Records from a collection
──────
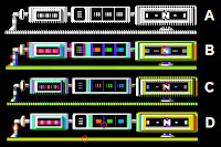 The above pictures show my first attempts at colour and the AppleWin version to aim for. Actually when using the IIc with a colour adapter and watching it on my 14inch Sony monitor I get a picture that is somewhere in between screen shots C and D. However for an LCD solution the AppleWin version should be adequate for now. The video signal clock is approximately 14MHz. It's different for PAL than for NTSC but the important thing is that the colour reference is always a quarter of the video signal clock. This gives us four pixels per colour (0000 for Black, 0001 for Red, 0010 for Brown etc.) which equates to 16 colours. Now if we cut up the monochrome picture, screen shot A, into four pixels per block and apply the colours to each block we end up with screen shot B. If we do the same except displaying the colour only where the signal is white we end up with screen shot C. The double high resolution of 560x192 in monochrome mode is reduced to 140x192 when colour is introduced. The Apple IIc and IIe reference manuals call this the effective resolution but they just leave it at that. However when you look at screen shot B you can see that it's very blocky and comparing that to the actual display, screen shot D, you see that there is more to it.
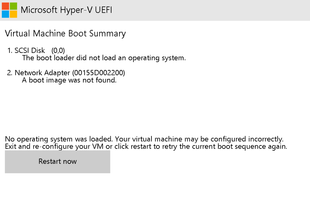 hyper-v no operating system was loaded your virtual machine may be configured incorrectly exit and re-configure you vm or click restart to retry the current boot sequence again
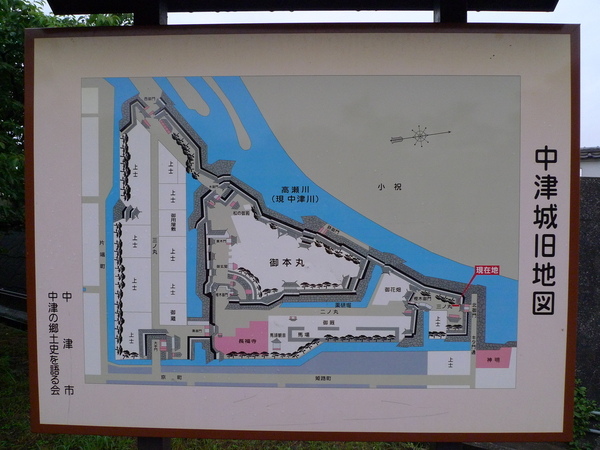 鐵道下的隧道旁有清楚的「中津城和城下町」的舊地圖
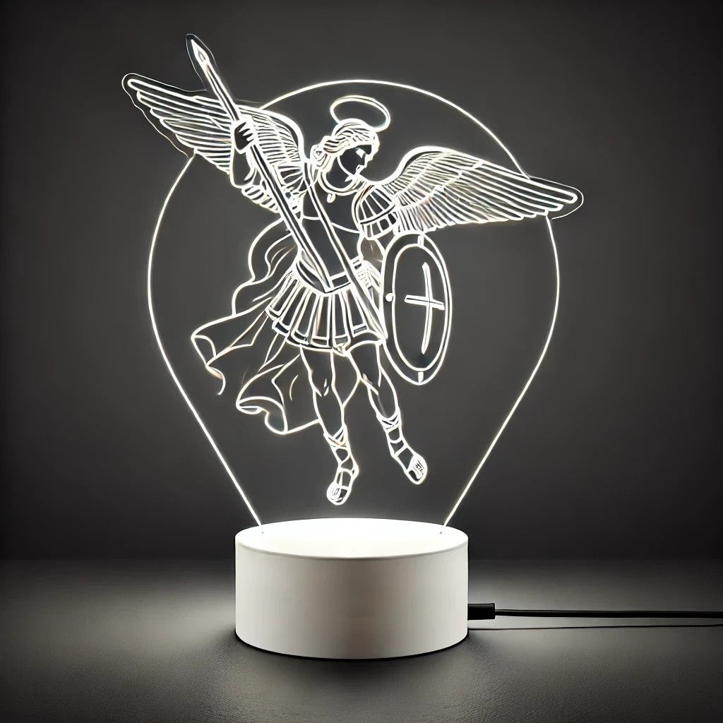 Luminária de Anjo Miguel Arcanjo e Anjo com Asas Abertas em Acrílico Cristal Luminoso Cristal®
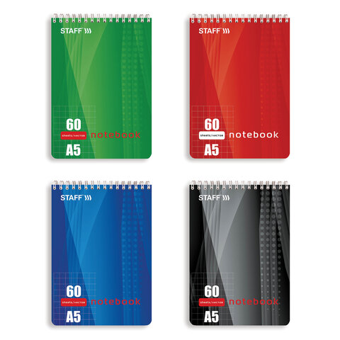 Блокнот А5, 146х205 мм, 60 л., гребень, жесткая подложка, клетка, STAFF, 4 вида, 126539
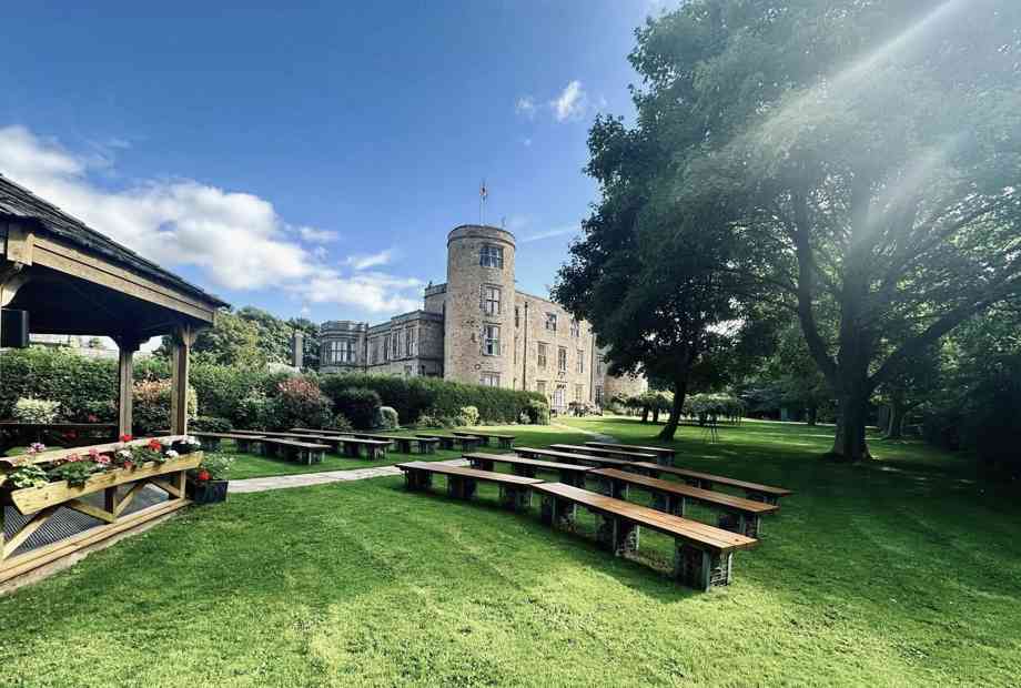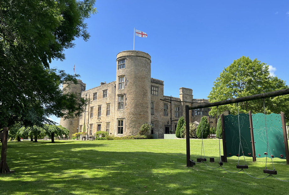 The castle boasts an outdoor seating area with parasols to the rear of the hotel, which seats over 50 people and there is a children's adventure climbing frame area.
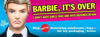- Greenpeace posted the above banner on Mattel’s building June 7. Mattel is wrapping its Barbie brand in rainforest sourced paper pulp from Indonesia and Greenpeace is fighting back.
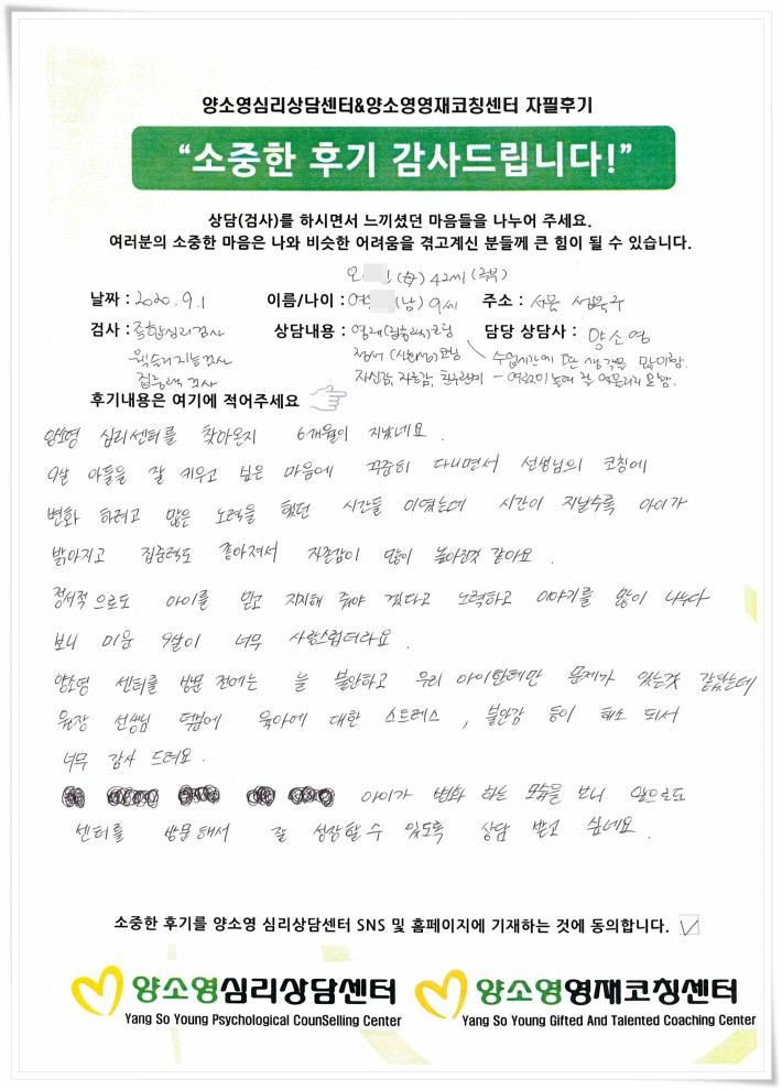 [2020.9.7] 아동상담 / 심리,학습,진로,집중력,부모양육검사
──────
## TASK DIRECTIONS
The records above must be copied exactly, with no pictures carried over.

## WRITTEN ANSWER
 The above pictures show my first attempts at colour and the AppleWin version to aim for. Actually when using the IIc with a colour adapter and watching it on my 14inch Sony monitor I get a picture that is somewhere in between screen shots C and D. However for an LCD solution the AppleWin version should be adequate for now. The video signal clock is approximately 14MHz. It's different for PAL than for NTSC but the important thing is that the colour reference is always a quarter of the video signal clock. This gives us four pixels per colour (0000 for Black, 0001 for Red, 0010 for Brown etc.) which equates to 16 colours. Now if we cut up the monochrome picture, screen shot A, into four pixels per block and apply the colours to each block we end up with screen shot B. If we do the same except displaying the colour only where the signal is white we end up with screen shot C. The double high resolution of 560x192 in monochrome mode is reduced to 140x192 when colour is introduced. The Apple IIc and IIe reference manuals call this the effective resolution but they just leave it at that. However when you look at screen shot B you can see that it's very blocky and comparing that to the actual display, screen shot D, you see that there is more to it.
 hyper-v no operating system was loaded your virtual machine may be configured incorrectly exit and re-configure you vm or click restart to retry the current boot sequence again
 鐵道下的隧道旁有清楚的「中津城和城下町」的舊地圖
 Luminária de Anjo Miguel Arcanjo e Anjo com Asas Abertas em Acrílico Cristal Luminoso Cristal®
 Блокнот А5, 146х205 мм, 60 л., гребень, жесткая подложка, клетка, STAFF, 4 вида, 126539
 The castle boasts an outdoor seating area with parasols to the rear of the hotel, which seats over 50 people and there is a children's adventure climbing frame area.
- Greenpeace posted the above banner on Mattel’s building June 7. Mattel is wrapping its Barbie brand in rainforest sourced paper pulp from Indonesia and Greenpeace is fighting back.
 [2020.9.7] 아동상담 / 심리,학습,진로,집중력,부모양육검사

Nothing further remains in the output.